Professor James Pittock of the Australian National University is more blunt.

The Hawkesbury-Nepean Valley he says is “uniquely dangerous” due to what he calls “the bathtub effect” caused by inflows from across the catchment being caught up at the Sackville Gorge near Windsor, causing rapid water level increases across the floodplains in heavy downpours.

Current regulations prevent new development under the one in 100-year flood lines.

Ayres says that regulation coupled with evacuation infrastructure such as raised roads and good emergency response saved lives this week, and proved development in the valley could be done safely.

Pittock is unimpressed.

“Responsible risk management is asking yourself: What is the worst event that might occur, and how would you manage it?” he says.

“Stuart pissing around by saying, ‘Oh, we’re not developing on the floodplain because we’re not allowing new development below the one 100 year flood line’ is just awfully irresponsible.”

Eventually, he says, a one in 500-year flood will hit. When that happens, he believes, evacuees will move to those towns built historically on low hills such Penrith, Windsor and Richmond.

“As the floodwaters come up the escape routes would be cut, and you could end up with thousands of people stuck on those hills as the floodwaters rise to 20 metres.”

He believes the money slated to be spent on raising the dam wall - potentially $3 billion including environmental land offsets - would be better spent slowly buying out those people already living in the most flood-prone areas, and further development under the one in 500-year flood line banned.

Parts of the floodplain, he says, should be used for recreation and market gardens.

Nor does Pittock believe that either raising the Warragamba Dam wall, or changing regulations to allow its level to be drastically lowered before floods hit is sufficient to make the region safe.

“Obviously, if you’ve got empty air space in a dam, then that flood water that is immediately pulsing down river, and it may reduce the height of the flood water of the margins,” he says.

“That’s the most positive thing I can say about it.

“The reasons why I think it is a really stupid strategy is that the experience around the world is that when you build a big flood control dam it gives an excuse for developers and local governments and state governments to approve development on the floodplain by arguing that it’s safe.

“It is never, ever safe, and that’s because, no matter how big you build a dam, at some point there will be a catastrophic flood that overwhelms it.”

Ayres says that there is “absolutely, categorically” no way that a raised Warragamba Dam wall will have any impact on development.

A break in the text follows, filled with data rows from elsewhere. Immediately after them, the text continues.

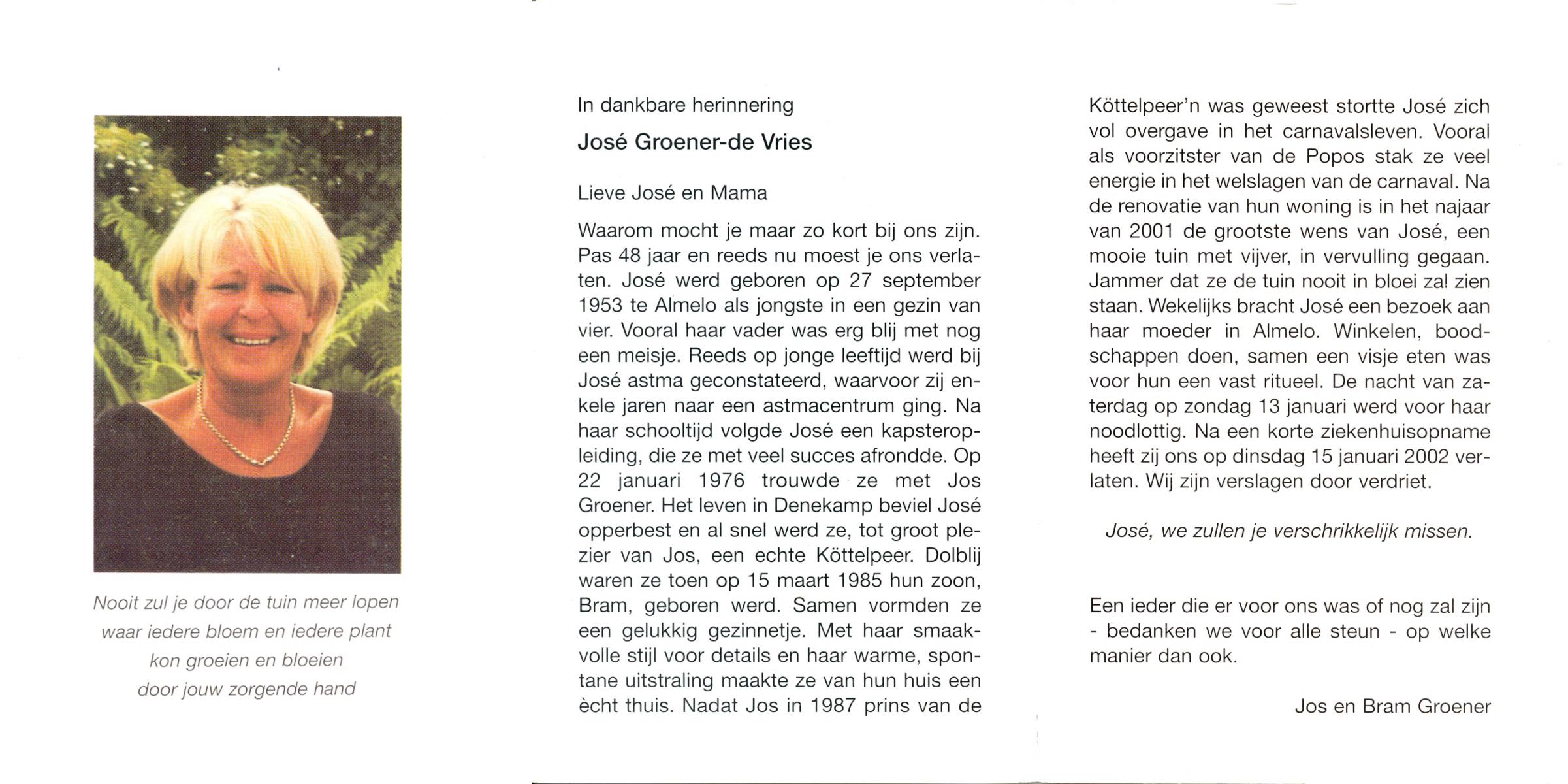 VRIES, de, José, geboren op 27-9-1953 te Almelo, overleden op 15-1-2002 op 48-jarige leeftijd.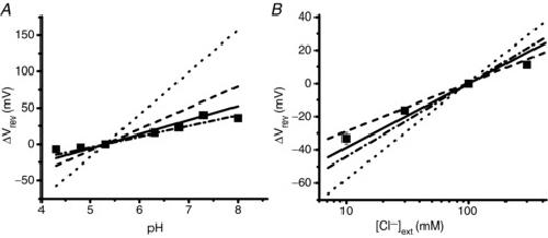 Figure 7. Dependence of the inward tail currents on [Cl−]intA, representative inward tail currents at the indicated [Cl−]int (104 and 21 mm). [Cl−]ext is 110 mm and pHext is 5.8. Currents shown are the average of five traces. B, mean values of the reversal potential at [Cl−]int = 104 (n= 5) and 21 mm (n= 4). The full, dashed-dotted, dashed and dotted lines represent the theoretical expectation for the changes in the reversal potential for transporters with a 2 : 1, 3 : 1 or 1 : 1 Cl−/H+ stoichiometry or a pure proton conductance, respectively, derived from eqn (3). Error bars are smaller than symbols.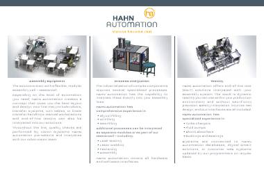 HAHN Automation is an internationally operating manufacturer of special machinery and develops innovative solutions for the automation of assembly and testing processes. Through many years of experience, innovative developments and high quality awareness, HAHN Automation has developed into one of the world's leading mechanical engineering companies with more than 25 years of experience.

Its role, he says, would simply be to manage floods.

He says an extra 14 metres on the dam wall would have held around 1000 gigalitres of water, and if that water had been released later and more slowly, flood peaks down the valley would have been lower. If people really believe property should be resumed in parts of the valley they should cost such a proposal and bring it to local governments, Ayres says.

Glasser notes that budget pressure on local governments can prompt them to encourage development.

As the debate over flood and infrastructure went on John Brookes and his wife Sue were cleaning up their 200-year-old sandstone home in Windsor.

John and Sue Brookes cleaning up floating debris in the backyard of their Thompson Square home in Windsor.

John and Sue Brookes cleaning up floating debris in the backyard of their Thompson Square home in Windsor. Credit:Louise Kennerley

The lower floor had been inundated on Tuesday, but sandbags kept the sludge out and, he says, sandstone cleans-up well.

By Friday afternoon the yard had dried so well he ran the mower over it while inside he had ribbons dunked in eucalyptus oil blowing from fans to sort out the musty smell.

“We’re not going to leave the area, we love it,” he says. “We’ve been here all our lives.”

His first memory of the summer fires today is not the horror, but the sense of community drawing together.

“When the fires come you go and help out your mates who get hit, when the floods come you do the same. It is part of life around here and people know it.”

Besides, says Brookes, whose son is an environmental scientist, climate change is going to hit everyone, not just those who live in the valley.